How to avoid memory waste when storing UTF – 8 characters (8 bits) in Java characters (16 bits) two-in-one?
I'm afraid I have questions about the details of a rather over saturated topic. I searched a lot, but I can't find a clear answer - this is particularly obvious - important question:
When converting byte [] to string using UTF-8, each byte (8 bits) becomes an 8-bit character encoded by UTF-8, but each UTF-8 character is saved as a 16 bit character in Java Is that right? If so, does this mean that each stupid Java character uses only the first 8 bits and consumes twice as much memory? Is that right? I want to know how this waste is accepted
Is there any trick to have an 8-bit pseudo string? Does this actually reduce memory consumption? Or, is there a way to store 8-bit characters in > two < one Java 16bit characters, which can avoid this kind of memory waste? Thank you for any confusing answers... Editor: Hi, thank you for your answers I know the variable length attribute of UTF - 8 However, since my source is an 8 - bit byte, I understand (obviously wrong) that it only needs 8 - bit UTF - 8 words Does the UTF-8 conversion actually save the strange symbols you see when you see "cat somebinary" on the CLI? I think UTF - 8 is only used to map the bytes of each possible 8 - bit word to a specific 8 - bit word of UTF - 8 Wrong? I thought about using Base64, but it's terrible because it only uses 7 bits
Reformulated question: is there a smarter way to convert bytes to strings? Perhaps my favorite is to convert byte [] to char [], but after that, I still have 16 bit words
Other use case information:
I am adjusting jedis (the Java client of NoSQL redis) as the "original storage layer" of hypergraphdb Therefore, jedis is another "database" database My problem is that I must always provide jedis with byte [] data, but internally, > redis < (actual server) only processes "binary security" strings Since redis is written in C language, char is 8 bits long and AFAIK is 7 bits instead of ASCII However, in jedis, in the Java world, each character is 16 bits long internally I don't know this code yet, but I want jedis to convert this Java 16 bit string into a redis compliant 8-bit string ([here] [3]) It says it extends filteroutputstream I want to bypass it byte [] < - > string full conversion and use filteroutputstream...?)

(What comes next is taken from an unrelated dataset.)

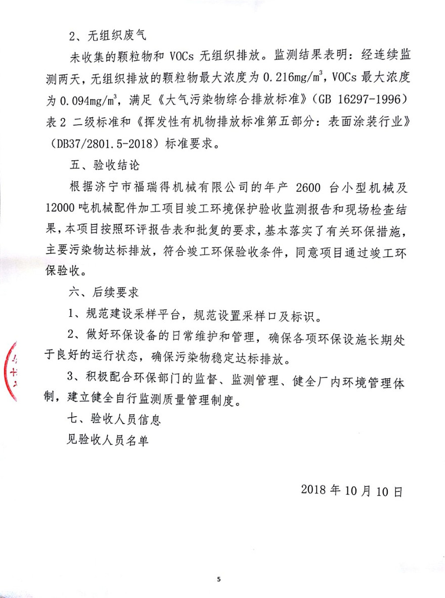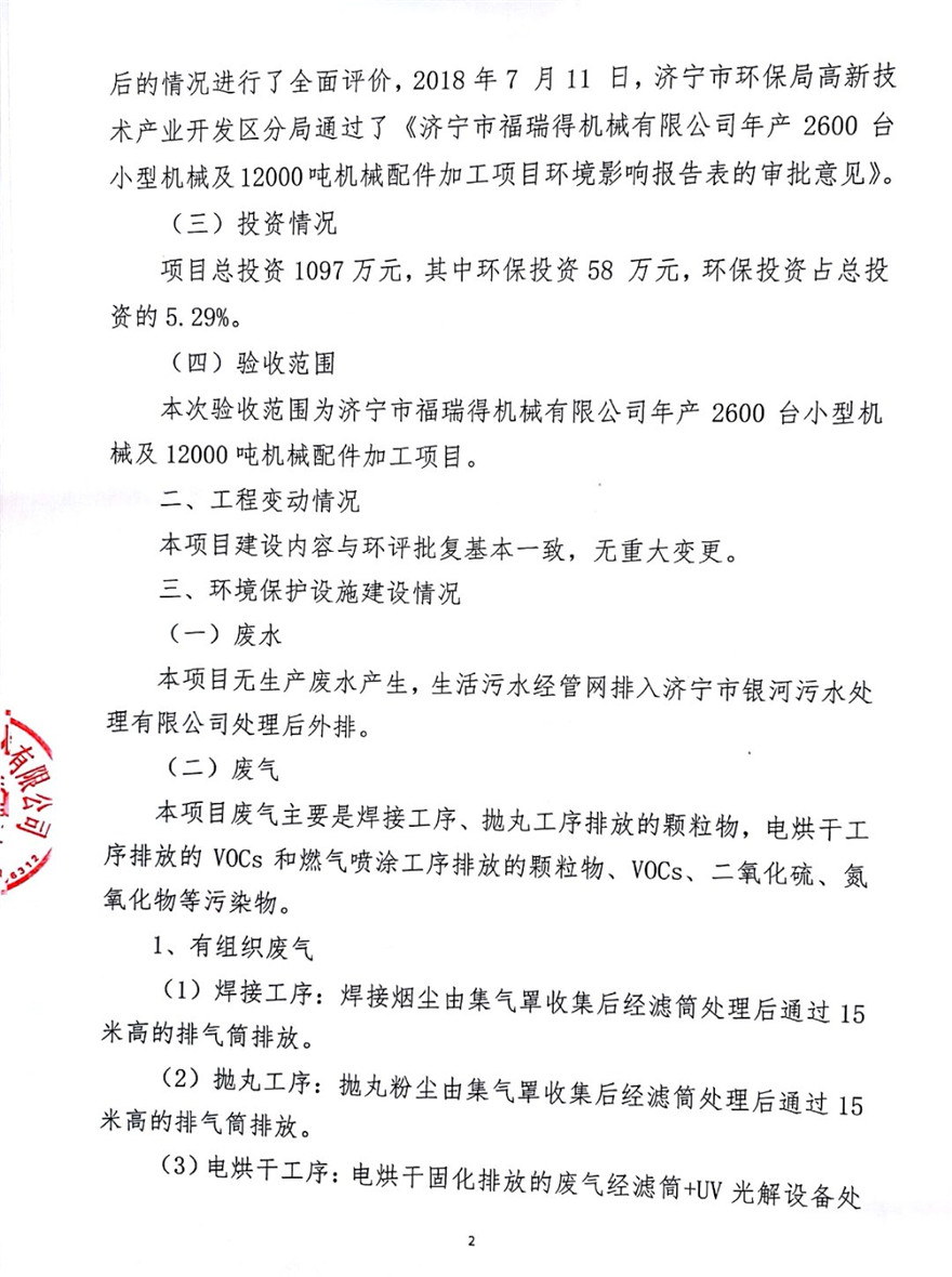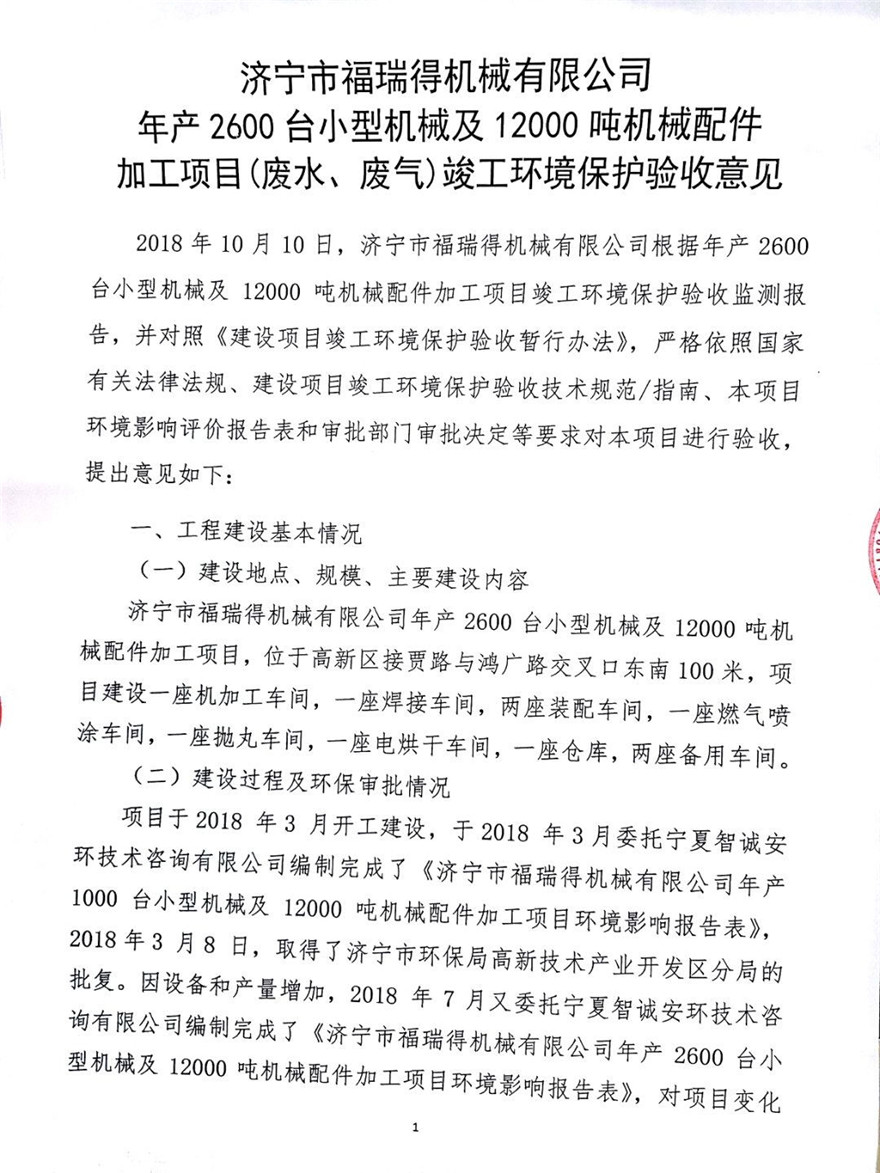 濟寧市福瑞得機械有限公司年產2600臺小型機械及12000噸機械配件加工項目(廢氣、廢水)竣工環境保護驗收意見

Now I want to know: if I have to swap byte [] and string all the time, and the amount of data is from very small to possibly very large, then passing each 8-bit character into 16 bits in Java won't waste a lot of memory?
Solution
Yes, please make sure you have the latest version of Java
The above is how to avoid memory waste when storing UTF-8 characters (8 bits) in Java characters (16 bits) two-in-one? I hope this article can help you solve how to avoid memory waste when storing UTF-8 characters (8 bits) in Java characters (16 bits) two-in-one? Program development problems encountered.
If you think the content of the programming home website is good, you are welcome to recommend the programming home website to programmers and friends.